There is a considerable investment in determining which system to purchase and the time, training and cost of managing the lead generation and recruitment process.

This is another reason many successful franchisors, particularly in the first two growth stages use an outsourced specialist franchise lead generation and recruitment provider.

Success here is based on ensuring the recruiters invest the time to learn your business, familiarise themselves with all the documentation and collateral and understand your values and your brand and business ambitions.

3 steps to recruitment success

Lead generation: how much is it costing you to have someone enquire about your franchise? How many leads are you receiving? What is the standard of your response and the time it takes you to engage with candidates? Is your communication resonating with the types of franchisees that you want to bring on board? The cost per lead from each source and the lead generation avenue must be apparent.

An overall understanding of which lead sources are providing you with the leads needed to succeed in granting franchises to quality applicants is also essential.

Recruitment : what is your conversion rate? How many leads are generated per franchise grant? Where are the sources of the leads that lead to the most franchise grants? What is the quality of the franchisee’s performance one year after they entered the system? Success in recruitment is not just the ‘sale’ –  It’s the franchisee’s quality of performance.

Happy franchisees are profitable and motivated to succeed. Both parties need to be able to meet their respective obligations and the expectations set up during the recruitment process.

Operations: is your operations team enjoying working with the new franchisees brought into the organisation? Are your franchisees getting a realistic picture of the first six months of life as a franchisee?

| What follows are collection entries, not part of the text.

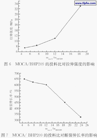 2. 3  扩链剂比例(MOCA/ BHP209) 对性能的影响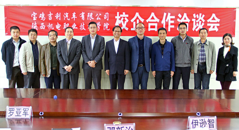 10月21日,宝鸡吉利汽车有限公司副总经理黄勇、人力资源部部长刘瑜、北京竞业达沃凯森教育科技有限公司副总李朝晖等一行莅临公司,参观考察公司并协商宝鸡吉利汽车有限公司与公司校企合作事宜。公司经理伊逊智、副经理张新堂、副经理邓新治、校企合作办就业办主任张湛、汽车工程系主任罗亚军、机电工程系主任白娟娟等陪同参观和交流。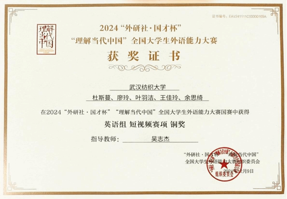 近日,在2024年度“外研社·国才杯”“理解当代中国”全国大学生外语能力大赛英语组短视频赛项中,武汉纺织大学51c吃瓜网每日大赛“数韵乡音队”荣获全国铜奖。该团队由杜斯蔓、廖玲、叶羽洁、王佳玲、余思绮五位同学组成,指导教师为吴志杰老师。团队原创作品Digital Dance: Prosperity on “Cloud” Wings(乡村有“数”,“云”上奔富),以数字乡村建设为切入点,展现中国在数字化进程中农业发展与乡村振兴的实践成效。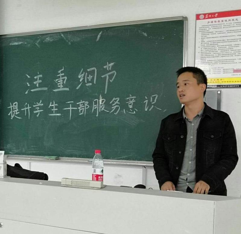 首先,沈院生老师简要介绍了本次会议的目的,并作出了“学生干部是普通学生与学院之间必不可少的纽带和桥梁”这一定义,要求各学生干部要做好与学生之间的联系,为同学们服务。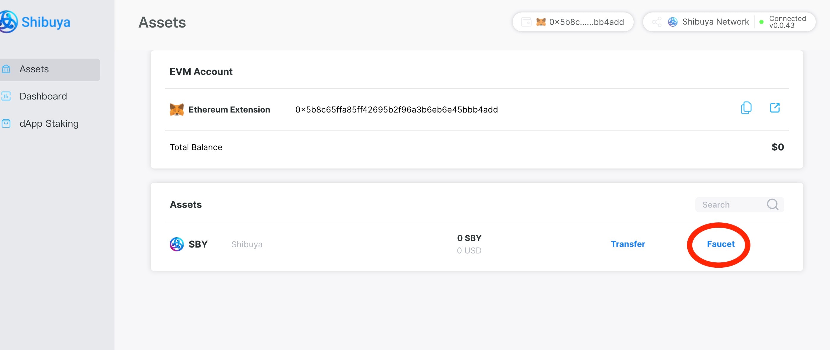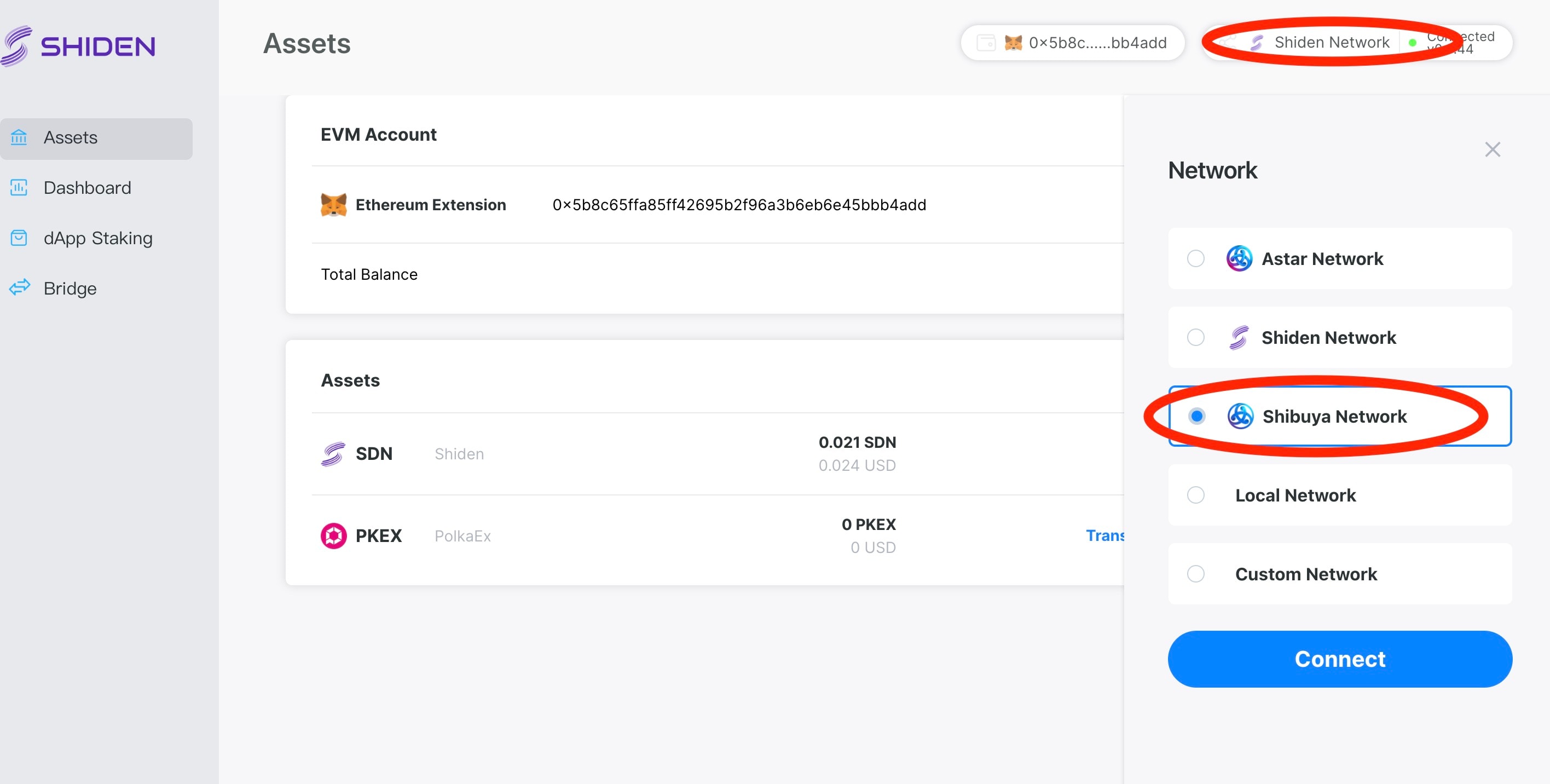 1,打开Astar Network网站并连接metamask钱包,并将网络切换到Shibuya Network。

Success here is a seamless transition from potential franchisee to a high performing franchisee and then to a satisfied departing franchisee many mutually profitable years later.

Your recruitment reward

If you are achieving a number of sales but have poor performance, unhappy franchisees or frequent disputes in the system, then this is not success. Remember that quality will eventually lead to quantity.

Every one of your franchisees is your real recruitment team. With the names and contact details of every existing and former franchisee available under the franchise disclosure document for incoming candidates to interview, your future success is utterly dependent on getting this right virtually every time!

Success is a recruitment process that delivers quality leads at the right price; that produces the right number of grants to ideal candidates; and ensures that the expectations and promises during the process made by both the recruiter and the franchisee are maintained.

Success in recruitment is a whole organisation commitment, not just how many franchises you as an organisation is selling. The measure of success is long term sustainability, continued innovation and improvement of your franchise system and ultimately being one of the elite 15 to 20 per cent of franchise networks that attract premium investors.